EXERCISE REQUIREMENTS: Reproduce the listing below as it stands. Leave out each image.

───── DATASET SECTION

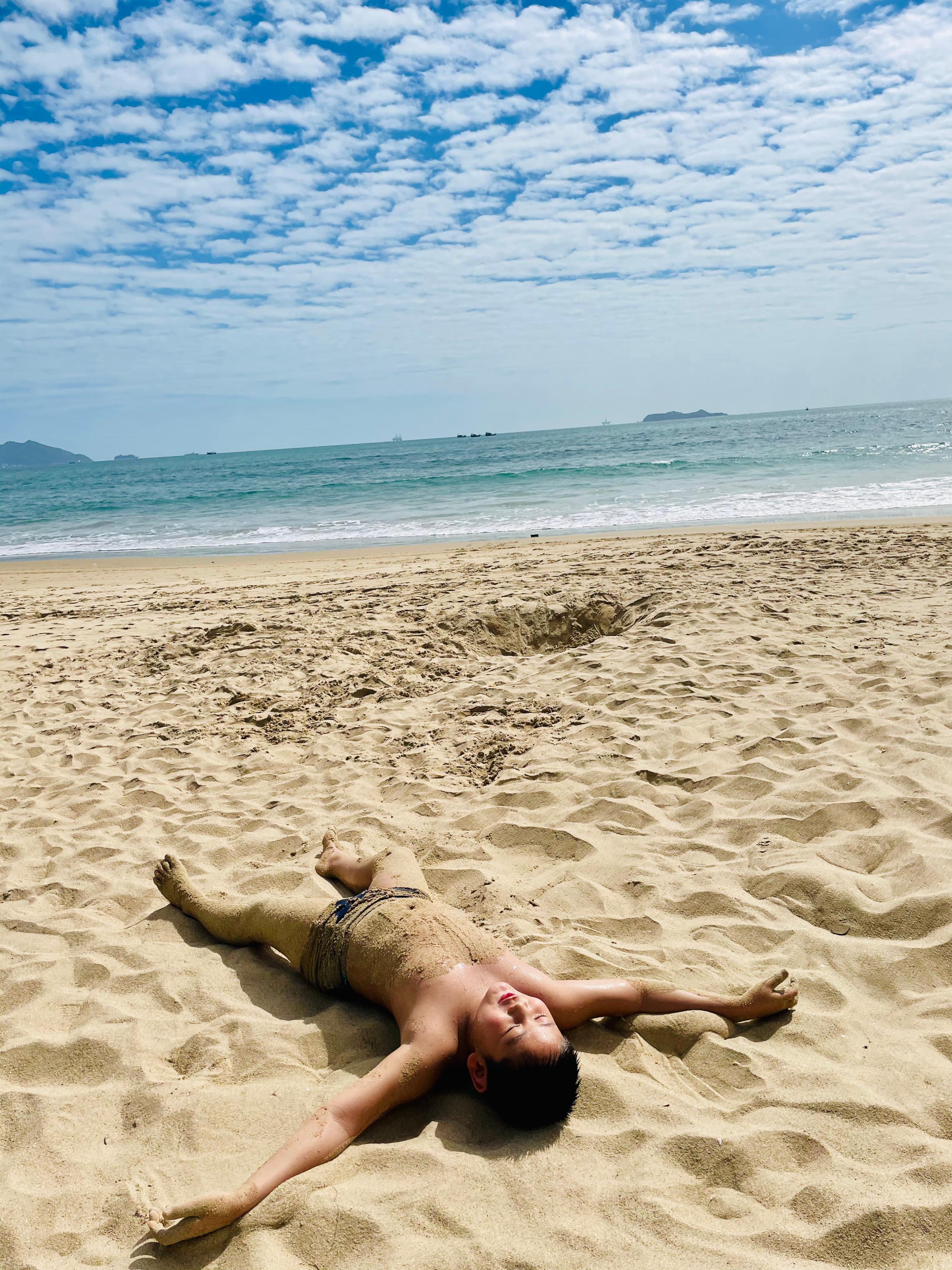 几年未远行。大年初一的早晨见到大海的孩子犹如离弦之箭冲到温暖的沙滩上与大自然融为一体。
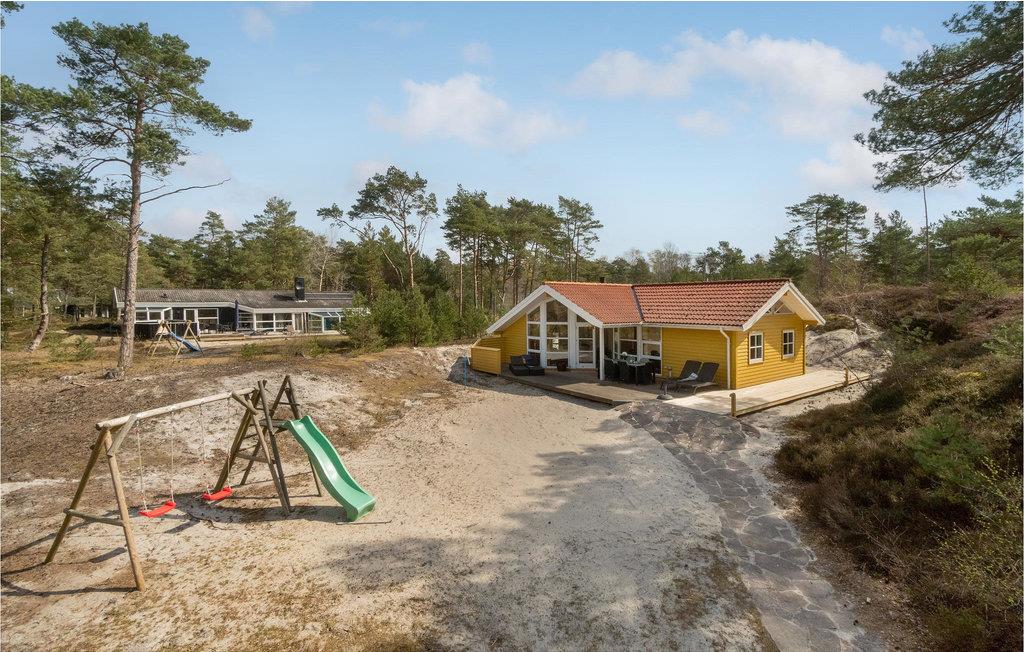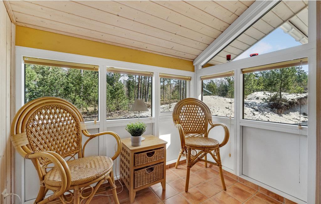 Pragtfuldt og meget velholdt luksusferiehus med alle moderne faciliteter og en dejlig stor terrasse. Det er lyst og smagfuldt indrettet i et åbent miljø med et lækkert køkken med kogeø. En dejlig spisestue med udsigt til den flotte natur og en nydelig opholdsstue med komfortable møbler og brændeovn. Huset råder over to flotte badeværelser, hvoraf det ene er luksuriøst indrettet med sauna og det andet er mindre. Der er rig mulighed for at nyde den flotte natur med vandreture langs stranden eller i den flotte fredsskov. Området er ideelt til børnefamilier. Huset ligger nær en dejlig sandstrand og en 18 hullers golfbane.
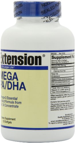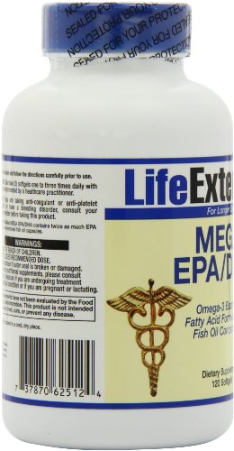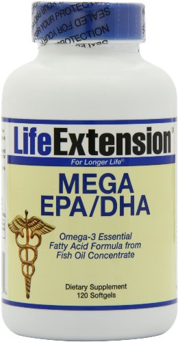 -. Binding : Health and Beauty -. Brand : Life Extension -. EAN : 0593159125750 -. Feature : The body needs fatty acids to survive and is able to make all but two of them / High In Fatty Acids / Omega-3 oils contain the essential fatty acids eicosapentaenoic acid (EPA) and docosahexaenoic acid (DHA) -. IsAdultProduct : 0 -. Label : Life Extension -. LegalDisclaimer : These statements have not been evaluated by the FDA. These products are not intended to diagnose, treat, cure, or prevent any disease. -. Manufacturer : Life Extension -. MPN : 00625 -. NumberOfItems : 1 -. PackageQuantity : 1 -. PartNumber : 00625 -. ProductGroup : Health and Beauty -. ProductTypeName : HEALTH_PERSONAL_CARE -. PublicationDate : 2011-01-12 -. Publisher : Life Extension -. Size : 120 softgels -. Studio : Life Extension -. Title : Life Extension Mega EPA/DHA 120 softgels -. UPC : 737870625124
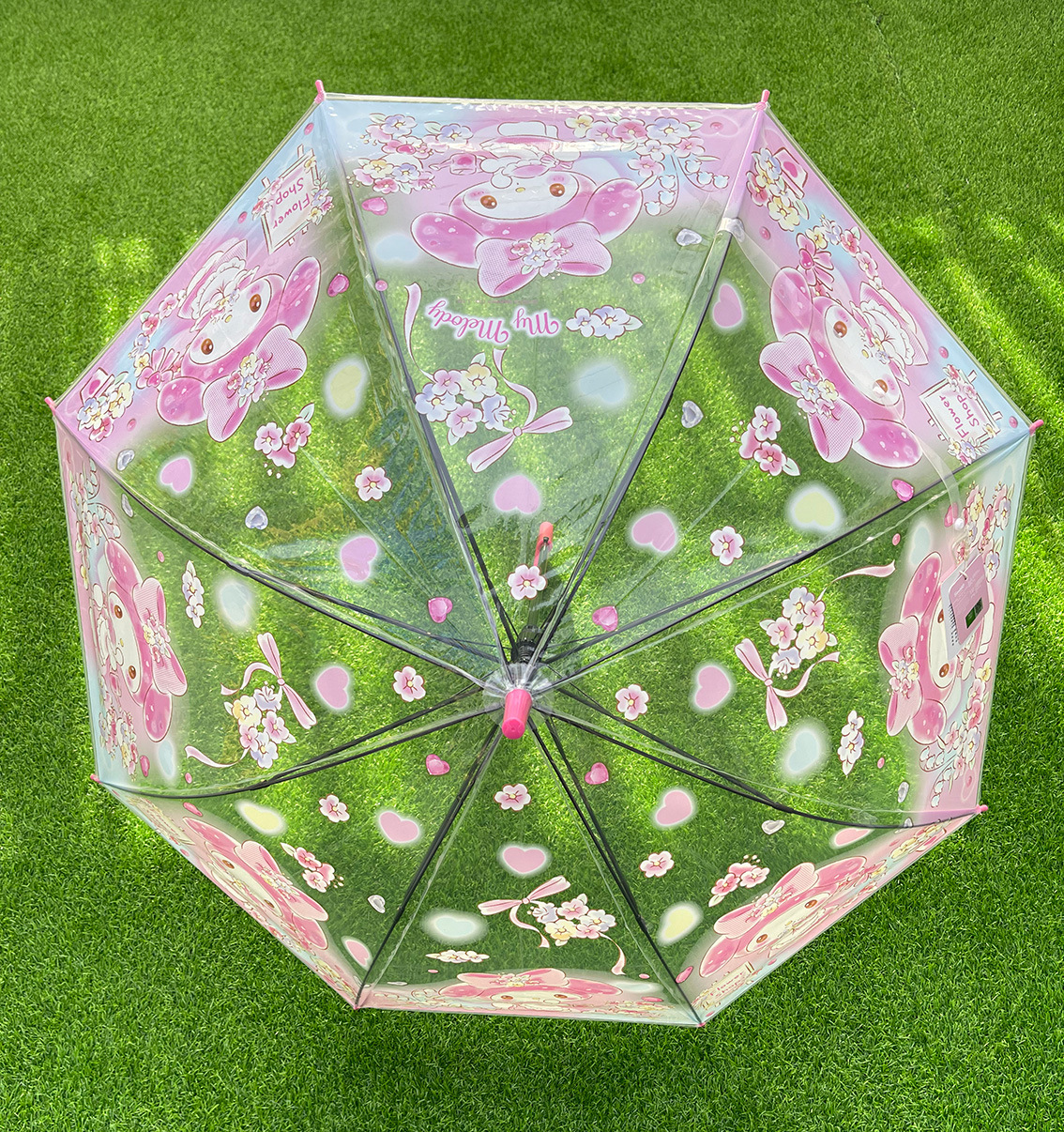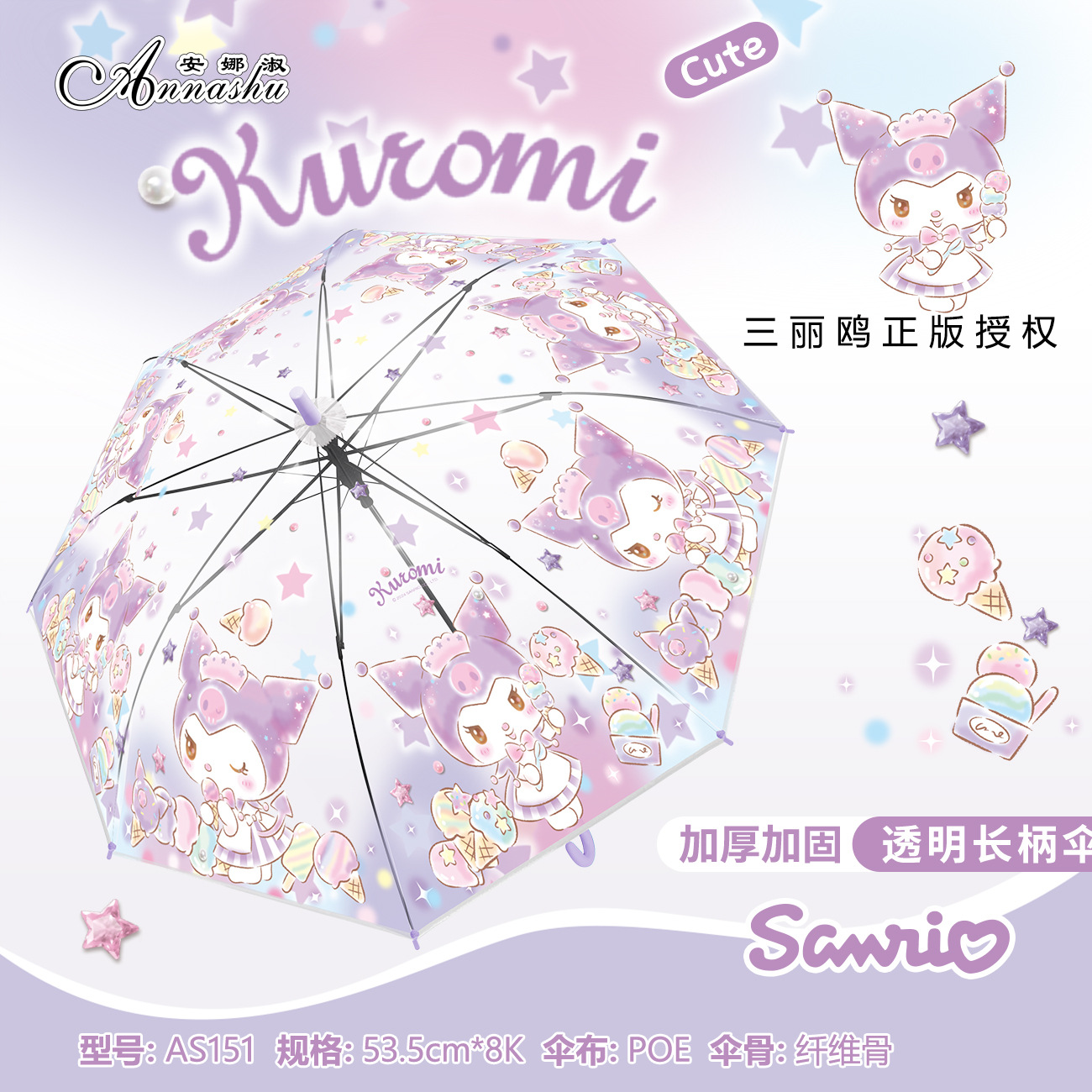 정품 산리오 우산 어린이 친환경 우산 귀여운 만화 쿠로미 스트레이트 롱 핸들 자동 투명 우산

──────────

SOLUTION TO THE EXERCISE:
 几年未远行。大年初一的早晨见到大海的孩子犹如离弦之箭冲到温暖的沙滩上与大自然融为一体。
 Pragtfuldt og meget velholdt luksusferiehus med alle moderne faciliteter og en dejlig stor terrasse. Det er lyst og smagfuldt indrettet i et åbent miljø med et lækkert køkken med kogeø. En dejlig spisestue med udsigt til den flotte natur og en nydelig opholdsstue med komfortable møbler og brændeovn. Huset råder over to flotte badeværelser, hvoraf det ene er luksuriøst indrettet med sauna og det andet er mindre. Der er rig mulighed for at nyde den flotte natur med vandreture langs stranden eller i den flotte fredsskov. Området er ideelt til børnefamilier. Huset ligger nær en dejlig sandstrand og en 18 hullers golfbane.
 -. Binding : Health and Beauty -. Brand : Life Extension -. EAN : 0593159125750 -. Feature : The body needs fatty acids to survive and is able to make all but two of them / High In Fatty Acids / Omega-3 oils contain the essential fatty acids eicosapentaenoic acid (EPA) and docosahexaenoic acid (DHA) -. IsAdultProduct : 0 -. Label : Life Extension -. LegalDisclaimer : These statements have not been evaluated by the FDA. These products are not intended to diagnose, treat, cure, or prevent any disease. -. Manufacturer : Life Extension -. MPN : 00625 -. NumberOfItems : 1 -. PackageQuantity : 1 -. PartNumber : 00625 -. ProductGroup : Health and Beauty -. ProductTypeName : HEALTH_PERSONAL_CARE -. PublicationDate : 2011-01-12 -. Publisher : Life Extension -. Size : 120 softgels -. Studio : Life Extension -. Title : Life Extension Mega EPA/DHA 120 softgels -. UPC : 737870625124
 정품 산리오 우산 어린이 친환경 우산 귀여운 만화 쿠로미 스트레이트 롱 핸들 자동 투명 우산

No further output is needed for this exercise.